_Description of the task_: Below is a listing; repeat exactly the lines from the one containing "طائرة مسيّرة تحلق" to the one containing "Часы-картина настенные, интерьерные", both included.

_Given data_:
· · ·
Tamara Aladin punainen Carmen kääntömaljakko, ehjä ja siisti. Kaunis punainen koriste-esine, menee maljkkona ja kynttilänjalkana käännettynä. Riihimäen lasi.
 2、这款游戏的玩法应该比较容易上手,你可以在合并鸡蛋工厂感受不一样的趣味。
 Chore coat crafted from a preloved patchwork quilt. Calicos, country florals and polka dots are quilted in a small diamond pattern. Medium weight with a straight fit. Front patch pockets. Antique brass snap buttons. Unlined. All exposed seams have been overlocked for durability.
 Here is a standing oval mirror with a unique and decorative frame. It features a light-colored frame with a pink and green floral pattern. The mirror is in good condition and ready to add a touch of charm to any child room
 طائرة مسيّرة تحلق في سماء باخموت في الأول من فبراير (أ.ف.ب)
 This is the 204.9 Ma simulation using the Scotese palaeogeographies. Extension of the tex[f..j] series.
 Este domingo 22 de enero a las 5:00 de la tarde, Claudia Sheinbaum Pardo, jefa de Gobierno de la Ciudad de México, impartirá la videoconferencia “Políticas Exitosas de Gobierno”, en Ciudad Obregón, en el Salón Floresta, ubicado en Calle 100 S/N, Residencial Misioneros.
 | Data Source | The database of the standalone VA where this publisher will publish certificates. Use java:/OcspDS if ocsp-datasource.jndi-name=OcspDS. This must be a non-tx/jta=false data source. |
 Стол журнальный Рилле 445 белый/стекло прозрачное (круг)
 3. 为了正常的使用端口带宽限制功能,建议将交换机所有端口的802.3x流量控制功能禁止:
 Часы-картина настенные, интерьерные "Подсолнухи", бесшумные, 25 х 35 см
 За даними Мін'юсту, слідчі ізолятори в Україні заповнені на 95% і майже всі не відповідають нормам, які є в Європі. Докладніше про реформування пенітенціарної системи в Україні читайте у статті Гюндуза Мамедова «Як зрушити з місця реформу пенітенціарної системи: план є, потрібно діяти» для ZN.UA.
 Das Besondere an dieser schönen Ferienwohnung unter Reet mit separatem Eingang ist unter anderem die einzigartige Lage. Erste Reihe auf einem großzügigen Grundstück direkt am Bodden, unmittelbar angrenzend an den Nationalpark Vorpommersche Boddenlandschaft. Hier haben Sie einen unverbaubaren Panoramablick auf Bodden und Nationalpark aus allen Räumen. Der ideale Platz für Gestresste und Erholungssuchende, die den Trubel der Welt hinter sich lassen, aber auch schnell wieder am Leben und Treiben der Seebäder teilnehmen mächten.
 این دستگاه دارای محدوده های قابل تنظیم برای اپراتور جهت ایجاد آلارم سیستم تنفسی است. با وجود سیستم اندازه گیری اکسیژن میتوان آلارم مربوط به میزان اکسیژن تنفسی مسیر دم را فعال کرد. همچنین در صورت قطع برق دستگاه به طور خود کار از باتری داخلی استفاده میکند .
· · ·
_Response area_:
 طائرة مسيّرة تحلق في سماء باخموت في الأول من فبراير (أ.ف.ب)
 This is the 204.9 Ma simulation using the Scotese palaeogeographies. Extension of the tex[f..j] series.
 Este domingo 22 de enero a las 5:00 de la tarde, Claudia Sheinbaum Pardo, jefa de Gobierno de la Ciudad de México, impartirá la videoconferencia “Políticas Exitosas de Gobierno”, en Ciudad Obregón, en el Salón Floresta, ubicado en Calle 100 S/N, Residencial Misioneros.
 | Data Source | The database of the standalone VA where this publisher will publish certificates. Use java:/OcspDS if ocsp-datasource.jndi-name=OcspDS. This must be a non-tx/jta=false data source. |
 Стол журнальный Рилле 445 белый/стекло прозрачное (круг)
 3. 为了正常的使用端口带宽限制功能,建议将交换机所有端口的802.3x流量控制功能禁止:
 Часы-картина настенные, интерьерные "Подсолнухи", бесшумные, 25 х 35 см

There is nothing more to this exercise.